Okay, I'm going to make an ad hominem attack: on top of being a scumfuck, John Rocker is
a very, very ugly man. Is this modern masculinity?
Is this a template for how boys should look these days? Eeeeew.
For example, last night Maddy and I were walking to Dana's, and a homeless guy tried unsuccessfully to get our attention. (My desensitization is quite complete; Maddy's still hasn't quite set in, but I'm sure it will.) We didn't even so much as look at him, yet he still called after us, "God bless you!" I hate that. I really, really, really hate that. It's a knee-jerk attempt at guilt, a pseudo-piousness which I should think would be insulting to true believers. Practically taking their Lord's name in vain; how is it any better than saying "goddamnit," really? Furthermore, who's the one on the street? Who requires god's blessing in this instance? I've seen many homeless people holding signs with "God Bless You" on them (usually underneath the mini-bio describing them as HIV+ veterans with three kids), but have yet to see one that says "Forsaken by God." That person, I'll give money to.
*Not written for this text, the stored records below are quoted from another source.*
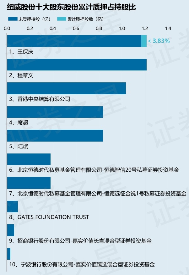 截止本公告日,股东王保庆已累计质押股份465.0万股,占其持股总数的3.83%。本次质押后纽威股份十大股东的累计质押股份占持股比例(占持股比例的计算以公司最新一期财务报表公布的十大股东的持股总数为基准)见下图:
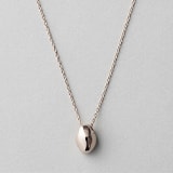 シャツ×パンツのメンズライクなスタイルには、ネックレス、ハグイヤリング、リングをシンプルに各1つずつ着けて。柔らかに波打つフォルムが首元にドラマティックな陰影を映すネックレス、現代彫刻のようなアーティなハグイヤリングは、左右の内耳に挟んでイヤーカフに。ボリューミーなリングも、女性らしい色味と曲線で柔らかな印象。
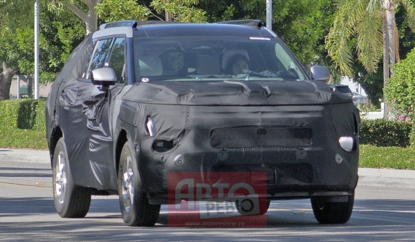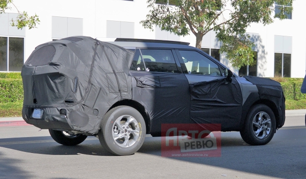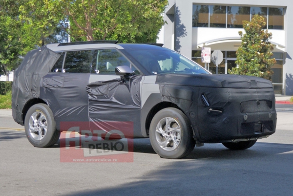 Даже плотный слой камуфляжа не может скрыть кардинально переделанный облик кроссовера. Кузов выполнен в нарочито угловатой и брутальной манере, как у старшей модели Santa Fe пятого поколения. Хотя о прямом масштабировании речи, похоже, нет: конфигурация светотехники будет другой. Передние стойки крыши зачернены, а на крыльях красуется массивная накладка из некрашеного пластика. Корма пока что скрыта под объемной накладкой, так что рассмотреть ее нельзя.
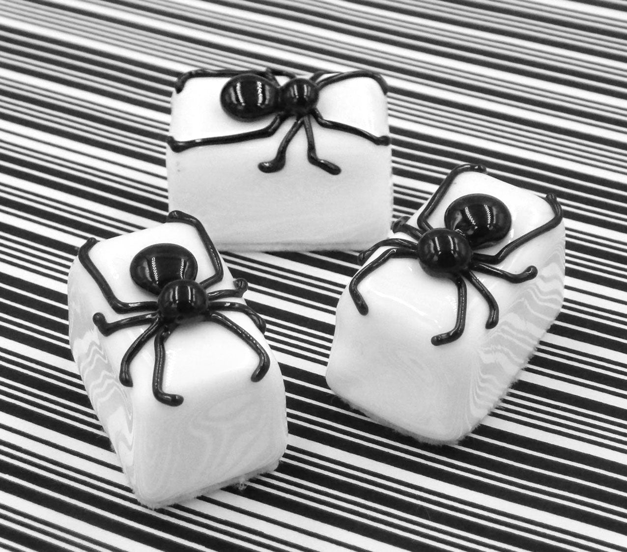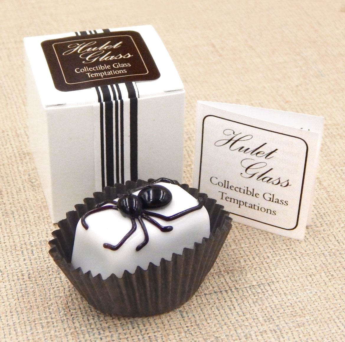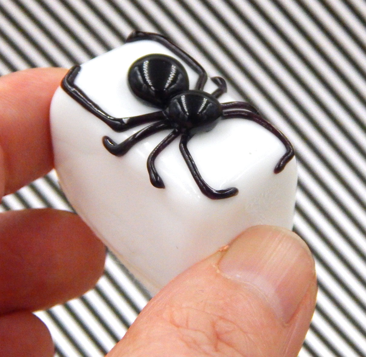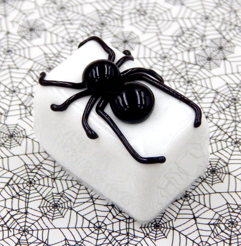 A handmade collectible solid glass white chocolate with a black spider on top created from colorful glass utilizing flameworking techniques. Meticulous attention to detail has gone into the construction of each of our pieces to enhance its appeal and collectibility.
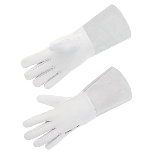 Montage ville: pouce monté et fourchettes = bande de cuir cousue entre les doigts.

I hardly think Jesus is the only person who ever looked heavenward and cried out, "Who said you could take a fucking coffee break?" (Hey, can you prove that isn't actually what he said?) So I did something uncalled for: back over my shoulder, I replied, "There is no god." Mean, mean, mean. We passed by him again a little later, on the opposite side of the street. This time, his appeal had changed a little (and he looked like he was on autopilot anyway): "They took my blankets." Without stopping, I corrected him: "God took your blankets." I am officially a Bad Person.
For the record, people I will give change to: anyone with a cat, playing a banjo, playing a Neil Young song
on a guitar (playing it on a banjo will result in a donation of at least a dollar), or feeding birds. And
I contribute to the Larkin Street Youth Center, the services of which I might have needed had things
gone a little differently when I was younger.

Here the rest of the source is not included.